Cohen blasted the agency before his term ended, calling the move “unlawful” and “legally unsupportable,” because the agency and company did not comply with mine safety law in reaching the settlement. The Aug. 28 decision, he said, violated federal law and put mine workers in danger.
“Abandoning the (pattern of violation) regulation’s strict application sends the dangerous message that an operator who has chronically disregarded safety ... may nevertheless obtain reprieve from the Mine Act’s heaviest sanctions by the grace of a friendly administration no longer committed to enforcing these sanctions,” Cohen wrote.
Democratic lawmakers on the Senate Education and the Workforce Committee also called for legal justification in the matter.
They sent a letter to MSHA head David Zatezalo on Sept. 24 questioning the legal basis to enter a settlement agreement that ended sanctions on Pocahontas.

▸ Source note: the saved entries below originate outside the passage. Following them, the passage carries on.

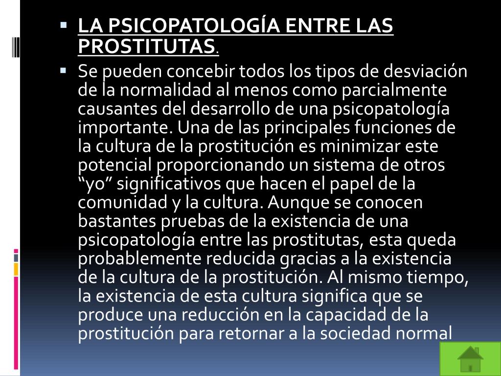 LA PSICOPATOLOGÍA ENTRE LAS PROSTITUTAS. • Se pueden concebir todos los tipos de desviación de la normalidad al menos como parcialmente causantes del desarrollo de una psicopatología importante. Una de las principales funciones de la cultura de la prostitución es minimizar este potencial proporcionando un sistema de otros “yo” significativos que hacen el papel de la comunidad y la cultura. Aunque se conocen bastantes pruebas de la existencia de una psicopatología entre las prostitutas, esta queda probablemente reducida gracias a la existencia de la cultura de la prostitución. Al mismo tiempo, la existencia de esta cultura significa que se produce una reducción en la capacidad de la prostitución para retornar a la sociedad normal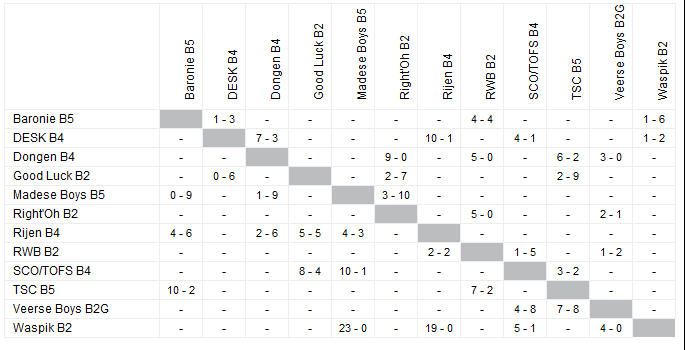 Later hoorden we dat het er bij andere teams een stuk fanatieker aan toe ging, mensen met bezwete voorhoofden, tikkertje spelende veertigers en Twan die een flinke smak maakte en door de brandnetels rondtolde. Hans Tan was met heel andere dingen bezig en handelde telefonisch urgente kwesties af. Enfin, aan het eind van het liedje hadden beide teams een keer gewonnen en maakten we ons op voor de terugreis die wederom langs drassige moerassige paden voerde.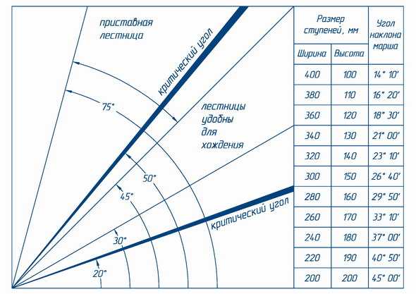 - Уклон одного лестничного марша должен быть постоянным. Оптимальные углы наклона показаны на схеме.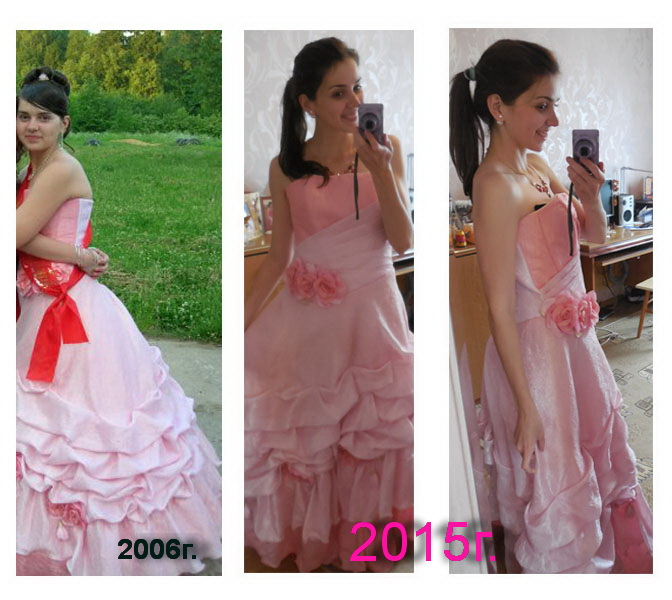 Розовое платье одевала на свадьбу сестры 6 лет назад. Сейчас оно на меня просто огромное, хотя платье невероятно красивое

“In litigating this matter, I believe this was the strongest enforcement action that would withstand judicial scrutiny,” Zatezalo said in an email to Bloomberg Environment.

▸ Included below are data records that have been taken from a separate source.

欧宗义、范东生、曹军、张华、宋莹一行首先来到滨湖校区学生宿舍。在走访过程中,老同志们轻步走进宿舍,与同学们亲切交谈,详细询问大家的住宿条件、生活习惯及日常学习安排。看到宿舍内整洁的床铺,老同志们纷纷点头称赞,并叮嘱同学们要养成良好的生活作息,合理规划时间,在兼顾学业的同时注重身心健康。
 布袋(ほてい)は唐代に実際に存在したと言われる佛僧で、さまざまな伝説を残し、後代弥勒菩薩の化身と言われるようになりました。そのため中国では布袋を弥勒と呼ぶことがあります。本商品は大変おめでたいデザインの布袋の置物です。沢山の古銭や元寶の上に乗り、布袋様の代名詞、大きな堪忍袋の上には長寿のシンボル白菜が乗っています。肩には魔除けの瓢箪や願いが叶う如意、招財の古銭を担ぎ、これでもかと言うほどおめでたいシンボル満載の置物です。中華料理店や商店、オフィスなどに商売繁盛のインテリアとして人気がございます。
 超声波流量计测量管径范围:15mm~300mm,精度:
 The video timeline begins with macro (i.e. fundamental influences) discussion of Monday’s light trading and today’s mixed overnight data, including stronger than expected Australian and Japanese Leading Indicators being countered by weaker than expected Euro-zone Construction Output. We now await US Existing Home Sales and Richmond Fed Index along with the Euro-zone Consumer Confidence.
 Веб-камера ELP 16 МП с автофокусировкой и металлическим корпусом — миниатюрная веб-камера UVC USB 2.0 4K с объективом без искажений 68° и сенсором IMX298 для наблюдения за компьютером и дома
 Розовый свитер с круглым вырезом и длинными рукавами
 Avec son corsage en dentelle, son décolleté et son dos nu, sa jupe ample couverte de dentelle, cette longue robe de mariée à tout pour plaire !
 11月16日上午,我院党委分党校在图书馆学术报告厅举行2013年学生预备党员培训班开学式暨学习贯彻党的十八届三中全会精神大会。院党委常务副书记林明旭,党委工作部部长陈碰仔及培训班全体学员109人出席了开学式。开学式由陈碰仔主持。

Paul A. Konstanty, vice president and general counsel of United Coal Company LLC—which owns Pocahontas Coal—didn’t respond to Bloomberg Environment requests for comment.
The company’s statement on the day of the decision said the mine’s safety has greatly improved in recent years.
‘That’s a Tall Order’
Attorneys representing mine operators are torn on what the decision means for companies and workers.

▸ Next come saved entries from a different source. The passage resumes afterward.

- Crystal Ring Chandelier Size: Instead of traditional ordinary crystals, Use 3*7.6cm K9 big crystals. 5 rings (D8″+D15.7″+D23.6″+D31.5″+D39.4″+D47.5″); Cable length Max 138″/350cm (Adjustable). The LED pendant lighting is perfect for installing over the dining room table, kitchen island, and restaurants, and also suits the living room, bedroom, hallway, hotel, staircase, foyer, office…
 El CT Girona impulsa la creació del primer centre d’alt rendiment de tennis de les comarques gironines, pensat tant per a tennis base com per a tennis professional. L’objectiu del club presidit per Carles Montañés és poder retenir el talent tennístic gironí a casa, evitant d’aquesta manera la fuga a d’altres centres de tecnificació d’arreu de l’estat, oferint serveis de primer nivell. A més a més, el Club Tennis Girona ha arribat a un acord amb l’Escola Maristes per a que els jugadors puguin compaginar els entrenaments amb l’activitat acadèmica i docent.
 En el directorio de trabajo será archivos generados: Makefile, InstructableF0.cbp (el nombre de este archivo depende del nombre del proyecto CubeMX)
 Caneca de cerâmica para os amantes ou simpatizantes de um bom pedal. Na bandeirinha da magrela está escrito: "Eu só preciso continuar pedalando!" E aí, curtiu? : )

Willa Perlmutter, a counsel at Stoel Rives LLP in Portland, Ore., said she believes Pocahontas had “made good substantive progress” in addressing its safety record, adding that Cohen “overstates the direness of the commission’s decision.”
Perlmutter said she thinks Pocahontas should be more candid about the gravity of the pattern-of-violations designations, adding that she believes it may be the first company ever to be removed from the patterns-of-violations list.
Removing all significant and substantial violations is extremely difficult for companies, said Nick Scala, co-chair of Conn Maciel Carey LLP’s MSHA and workplace safety group. Looking at the criteria necessary to remove all violations—"that’s a tall order” to ask of a company.
Scala pointed to the ongoing American Coal Co. case that the review commission is handling as an example of how the agency sometimes lacks transparency in forming settlements, similar to the Pocahontas settlement.
Earlier this year, MSHA attempted to settle with American Coal, a Murray Energy Corp. subsidiary, despite protests over transparency by the United Mine Workers and the administrative law judge on the case.
Union officials told the commission that regulators need to explain how American Coal’s $44,376 fine for 32 mine safety violations dropped by 30 percent.
But the Labor Department’s Mine Safety Division said revealing that information would damage its case should it ever go to court.
That litigation is ongoing.
Cases Piling Up
The review commission has waited nearly eight months for President Donald Trump’s nominated chairman, Marco M. Rajkovich Jr., to be confirmed by the Senate. Without Rajkovich, the panel can’t issue decisions.
When cases pile up at the review commission, said Phil Smith, a spokesman for the United Mine Workers of America union based in Triangle, Va., “companies that are guilty of several and serial violations aren’t given the proper penalties” while they await the commission’s decision, and they aren’t required to fix the problems that exist.
From the mine operator’s perspective, a case can languish for years and a delay could keep companies from determining best practices for years, Scala, told Bloomberg Environment.
Some cases already take years to resolve, he said. “This will just prolong the process.”
The review commission’s attorney, Michael McCord, said he hopes the quorum is restored because it “can’t do a whole lot until [Rajkovich is] confirmed.”
The two remaining commissioners, Mary Lu Jordan and Michael G. Young—who is now acting chairman—can vote to move forward with any petition for review and any administrative law judge decision filed with the commission. But they can’t hear cases.